New Works in the Field

Has Volunteering Changed in the United States? Trends, Styles, and Motivations in Historical Perspective

Editors’ Note: Susan M. Chambré introduces her article, published in Social Service Review this June 2020, “Has Volunteering Changed in the United States? Trends, Styles, and Motivations in Historical Perspective.” Pushing back against leading scholarship on volunteering in the U.S. noting the advent of a “new volunteer workforce that is supposedly devoting smaller blocks of time and particularly motivated by personal benefits,” Chambré underscores that the “features attributed to the new volunteer workforce — substantial turnover, time-limited and episodic volunteering — were common during earlier periods of U.S. history.” If anything, Chambré explains that “there are two important changes in recent years: a sharp decrease in working class volunteering and an increase in the desire to ‘give back’ to causes and organizations that benefit themselves, friends, and family.”

The idea that modernization is accompanied by a declining sense of community and a fraying of the social fabric has been a central theme in the field of Sociology.
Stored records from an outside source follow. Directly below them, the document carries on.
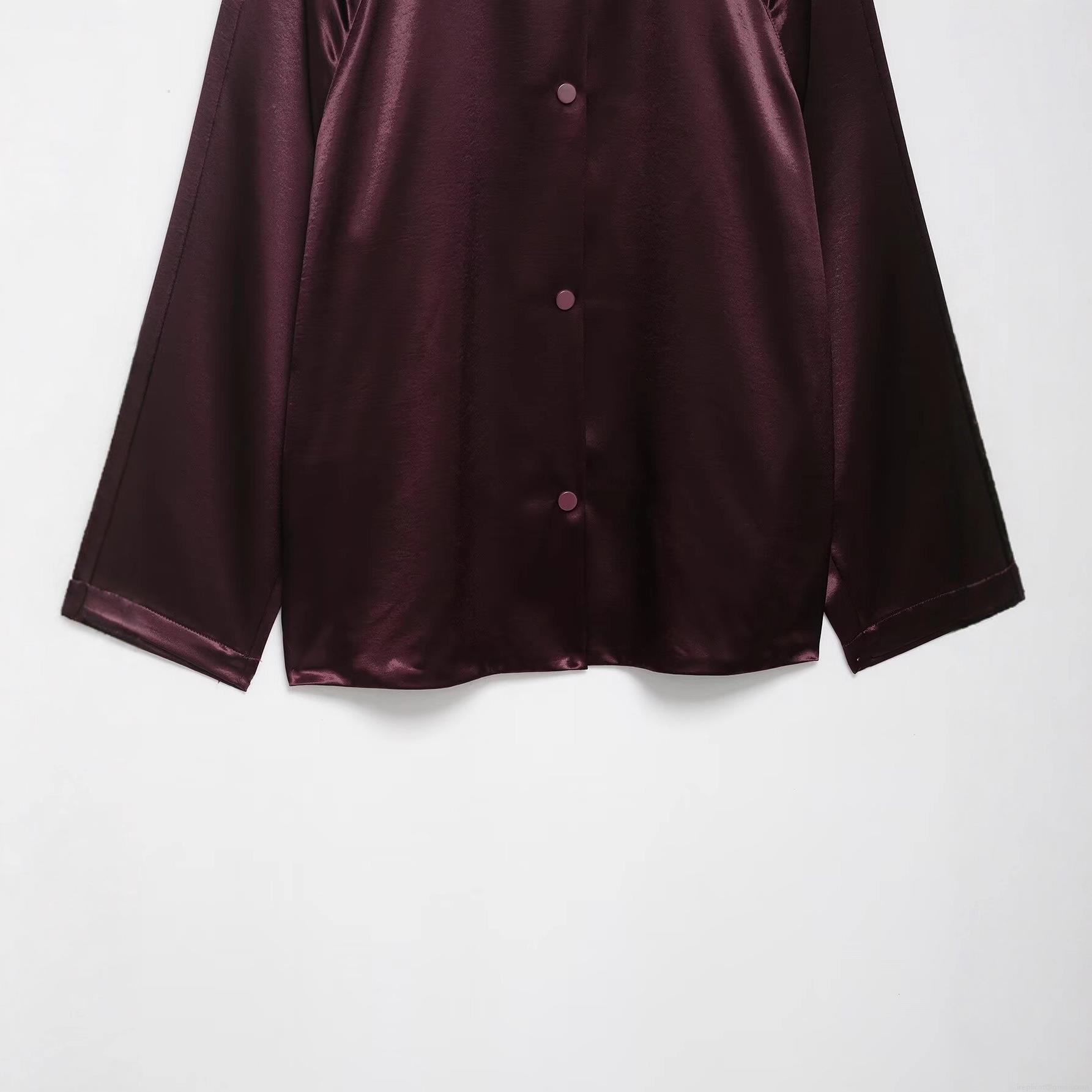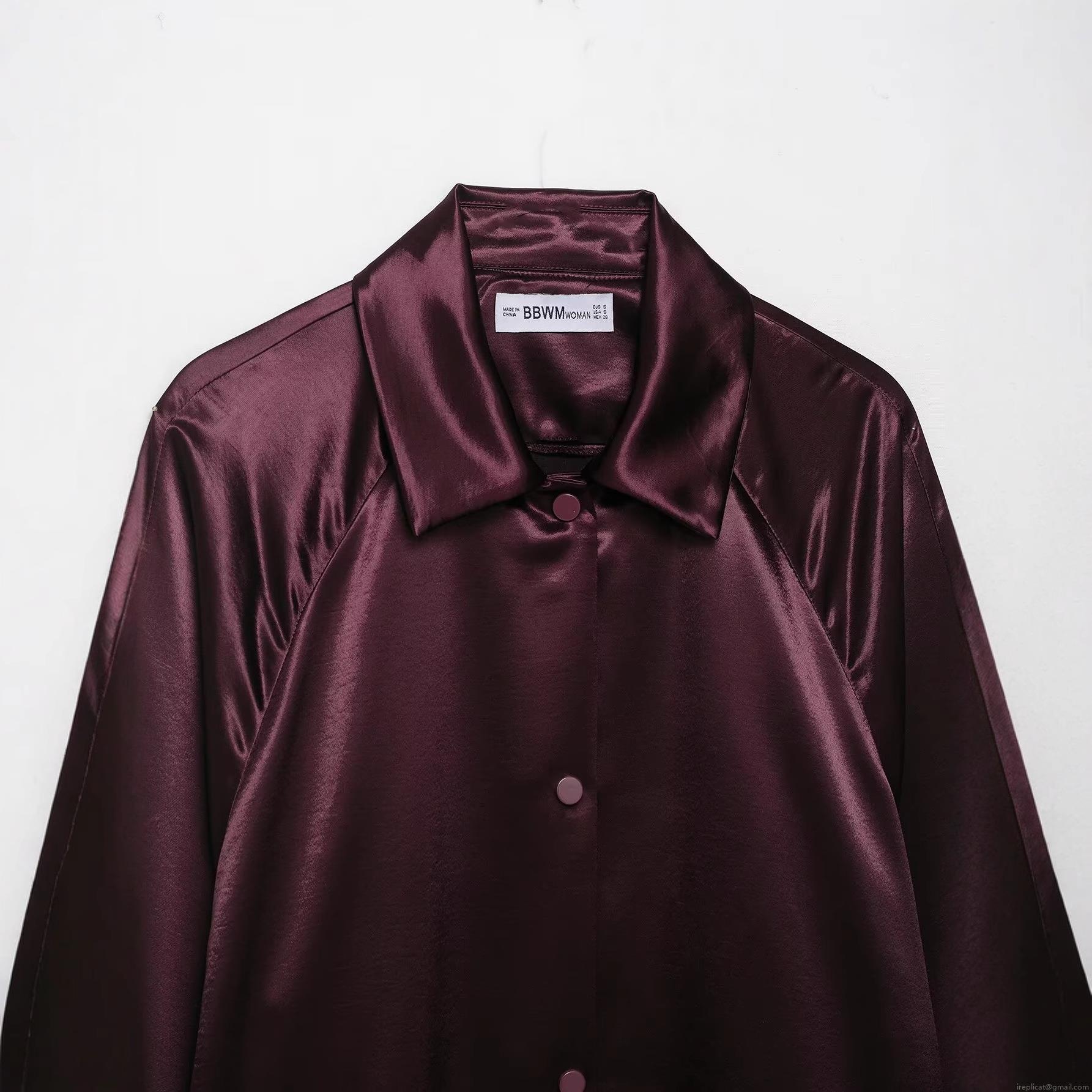 Women's Satin Jacket Outerwear 100% Polyester Silk Texture Long Sleeve Button Down Lapel Casual Party Office Elegant Streetwear Loose Fit Versatile Tops
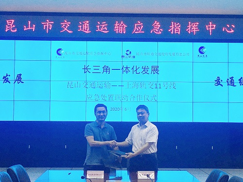 軌道公司聯合昆山市交通運輸應急指揮中心舉行“‘長三角一體化發展’應急處置聯動合作”簽約儀式
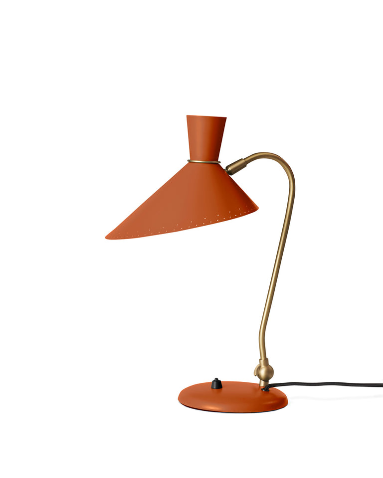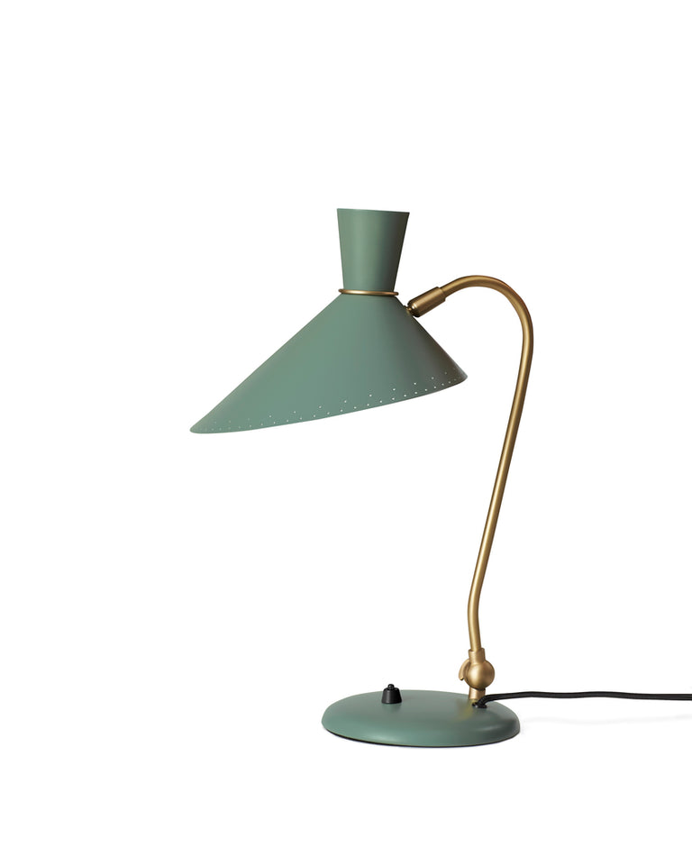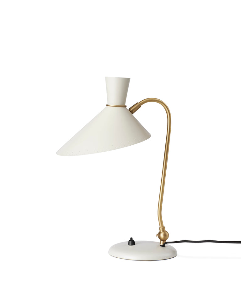 Blomm er en liten bordlampe med stor personlighet, designet på 1950-tallet av stormesteren i dansk lysdesign, Svend Aage Holm-Sørensen, som er internasjonalt anerkjent. Bloom -bordlampen er en av designerens mest ikoniske lamper og kjent i vintage -samfunnet. Kombinasjonen av lekenhet og skarpe linjer gjør bordlampen til et vakkert element på en skrivebords- eller vindushylle. En fin touch er Holm-Sørensens signatur: de karakteristiske hullene i et enkelt mønster langs kanten av metallskjermen, noe som gir en ekstra dimensjon til lyseffekten.

This idea gained a renewed interest with the publication of Robert Putnam’s research documenting that social capital has declined in the United States, an idea captured in the metaphor that more Americans are bowling but fewer are involved in bowling leagues. His work inspired a lively debate at the turn of the 21st century among sociologists, political scientists, and philanthropy scholars. In contrast to the fact that “every year over the last decade or two, millions more have withdrawn from the affairs of their communities,” Putnam found that volunteer rates were not declining. At the same time, a number of influential scholars, such as Lesley Hustinx and the staff at the U.S. federal government’s Corporation for National and Community Service (CNCS), have described a change in the quality of volunteering, the development of a “new volunteer workforce” comprised of individuals who donate their time without being paid. This has involved the replacement of highly committed traditional volunteers with by modern or ‘reflexive’ volunteers who devote smaller blocks of time and are motivated by personal benefits.
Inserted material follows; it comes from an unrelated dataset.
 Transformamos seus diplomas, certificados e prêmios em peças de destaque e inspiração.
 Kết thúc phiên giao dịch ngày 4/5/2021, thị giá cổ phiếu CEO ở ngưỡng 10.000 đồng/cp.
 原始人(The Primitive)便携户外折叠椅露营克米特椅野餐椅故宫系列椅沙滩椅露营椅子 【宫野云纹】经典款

This article considers whether there has been a transition from traditional volunteerism to a new volunteer workforce. It focuses on several questions: How have volunteer rates in the United States varied over time? What factors influence volunteer rates?  Is there evidence of a transition from traditional volunteerism to a new volunteer workforce?  In contrast to most research on volunteering, which dates back to the 1970s, I collected historical, ethnographic, and survey data from the early 19th century to the present in the United States. Survey data on volunteer rates in the U.S. are relatively recent. They document volunteer rates ranging from 20.4% in 1989 to one quarter of Americans during World War II and 27% in the 2002-2003 period after 9/11. The most recent rate, for 2018, was even higher, at 30.3%, a level that may have been an artifact of the high nonresponse rate to the question. While the actual rate might be slightly lower, other evidence on civic engagement, especially participation in political demonstrations, confirms that volunteering is at a high level at the present time.
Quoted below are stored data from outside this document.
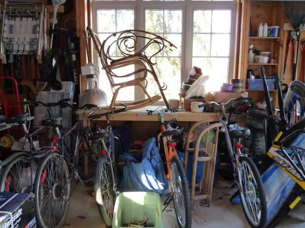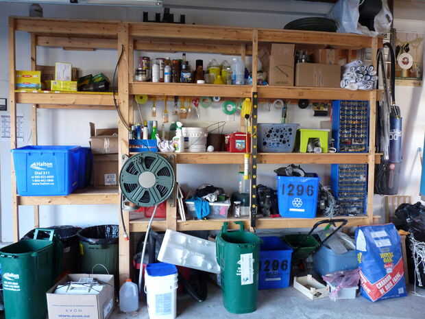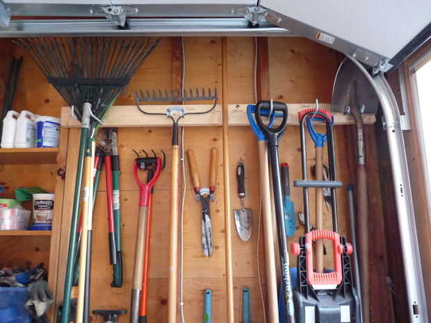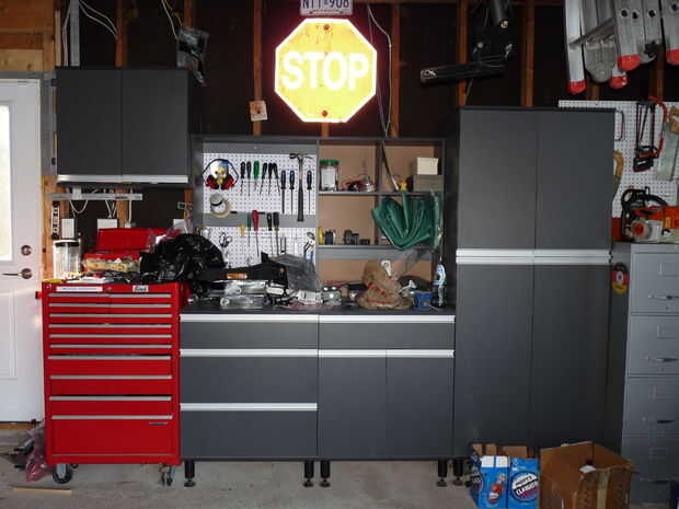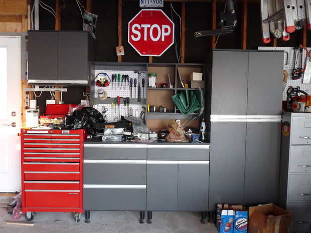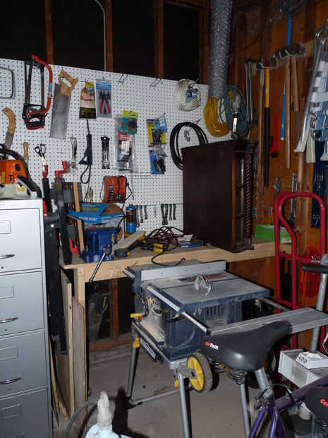 el garaje es un taller funcional y un espacio de almacenamiento. Es un garaje para 2 coches, pero sólo tenemos un coche, dejando el resto del espacio de almacenamiento y espacio de trabajo. Los estantes y los dos bancos están construidos de 2 x 4. Están atornilladas a las paredes, que es especialmente grande para los estantes, porque se pueden subir para alcanzar cosas en la parte superior. El sistema de armario y cajón es storbought y posee todas las herramientas que la caja de herramientas y las paredes no. Las paredes están cubiertas de pegboard en muchos lugares, así que nosotros puede Guarde las herramientas que en ellos. Se detallan los lugares donde pertenecen las herramientas para que nosotros no les pierde. Lo mejor de nuestro garaje es la actic. El todo segundo piso de la cochera es un espacio de almacenamiento. Hay un conjunto de escaleras desplegable para que se pueden acceder a los estantes de arriba, y el resto de las cosas que nos mantienen ahí (como el árbol de Navidad) se establecen en las cerchas. Esperemos que esto le da algunas ideas de lo que puede hacer con su garage! Voto por favor para mí en el compartir su espacio y la primera la hizo foto concursos! ¡ Gracias!
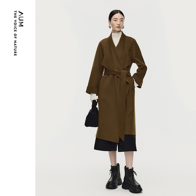 【天猫臻选】AUM噢姆2025年冬季新款长款双面呢极简廓形大衣外套
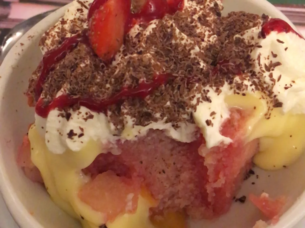 faire votre crème anglaise épaisse et laisser refroidir. avec un fouet y ajouter la crème épaisse petit à petit. couvrir votre trifle et laisser au froid jusqu'au moment de servir.
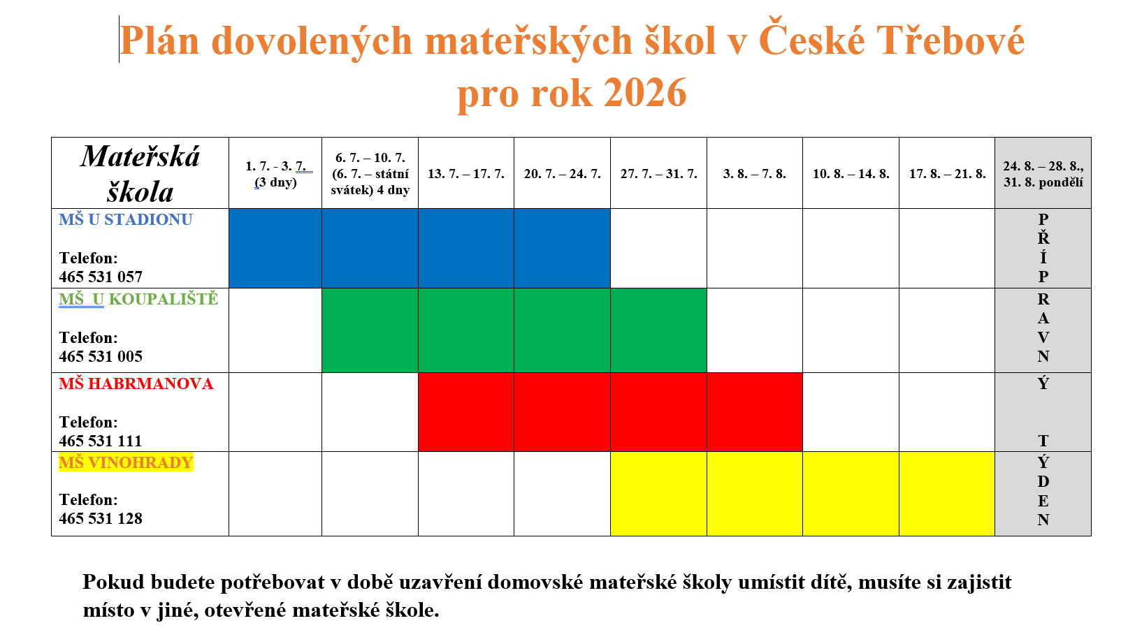 zápis dětí k předškolnímu vzdělávání pro školní rok 2026/2027 proběhne 8. dubna 2026 v době od 8:00 do 16:00 hodin v budově mateřské školy na adrese U Stadionu 602, Česká Třebová.
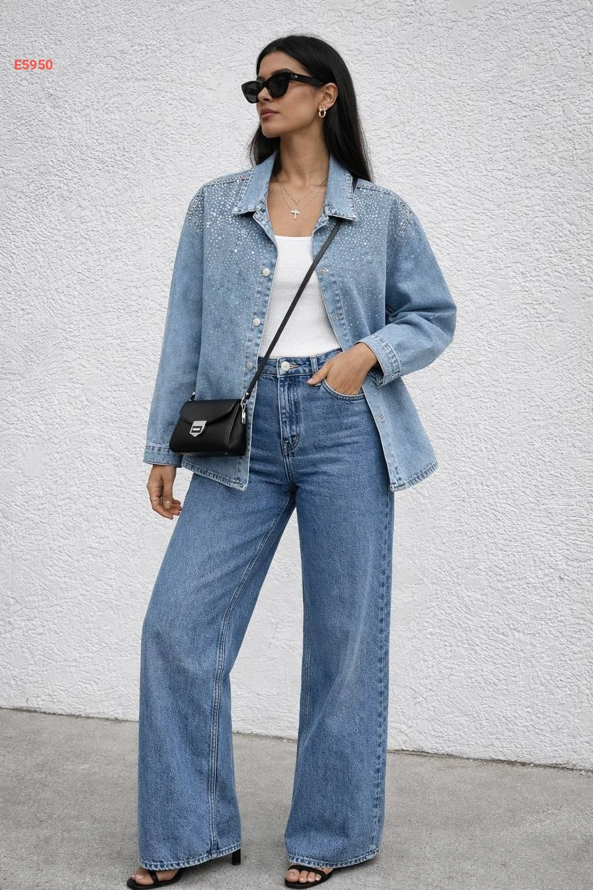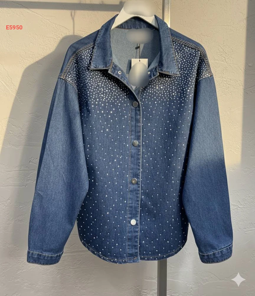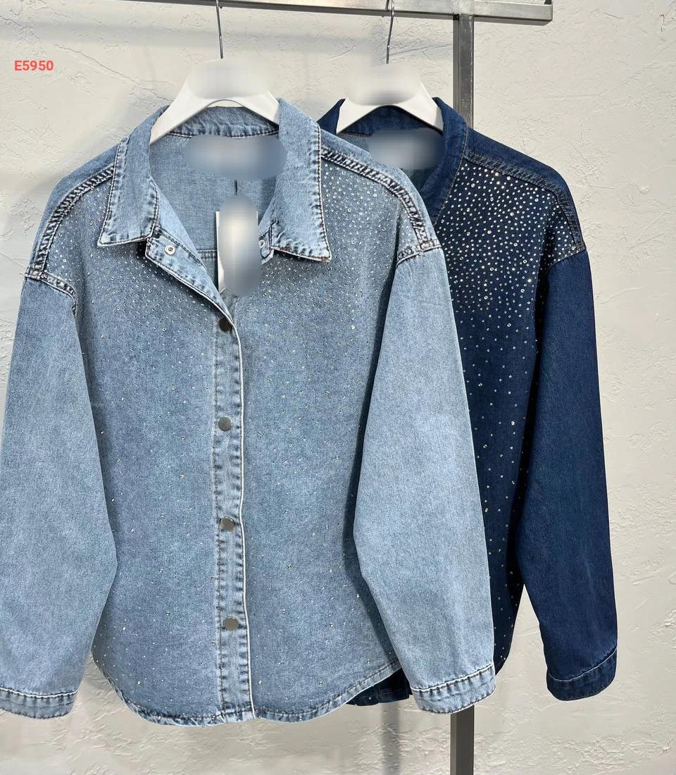 قميص جينز حجري مرصع

Research on various economic, political and historical influences indicates that volunteer rates have not declined over time. Instead, they rise and fall within a 10% range that is related to political, social and, ecological events.  Participation increases during wartime, epidemics, disasters, and times of social and political change. The range is also determined by the ability of organizations to ‘employ’ volunteers, what has been described as ‘civic capacity.’ The demand for volunteers is finite because organizations need to balance the cost-benefit ratio of hiring volunteers, along with the reputational benefits of employing them. Substantial numbers of people might volunteer but do not know how to become involved or were turned away by organizations.

In contrast to the Tocquevillian image of the United States as a society where people of various ages, social classes, and racial and ethnic groups are actively involved in public life, historical studies dating back to earlier periods in our history indicate that there have always been significant disparities in rates of volunteering. For most of U.S. history, volunteering has been stratified by gender, race, ethnicity, religion, and social class. Men and women volunteered separately. African Americans, white Protestants, Jews, and Catholics rarely participated in the same ventures. Historical and survey data suggest a cyclical process in which volunteering was mainly the province of the middle and upper classes and became more democratized for much of the twentieth century. Class differences have increased since the 1970s. Volunteer rates among those who had not completed high school fell from 15 percent in 1974 to 10 percent in 2002. There was also a significant decline from 25 percent in 1974 to 16 percent in 2015 for those who completed high school but did not attend college. This trend has serious implications for American political and social life. While civil society remains generally vibrant, many lower- and working-class people have become, in the words of Arlie Hochschild “strangers in their own land.”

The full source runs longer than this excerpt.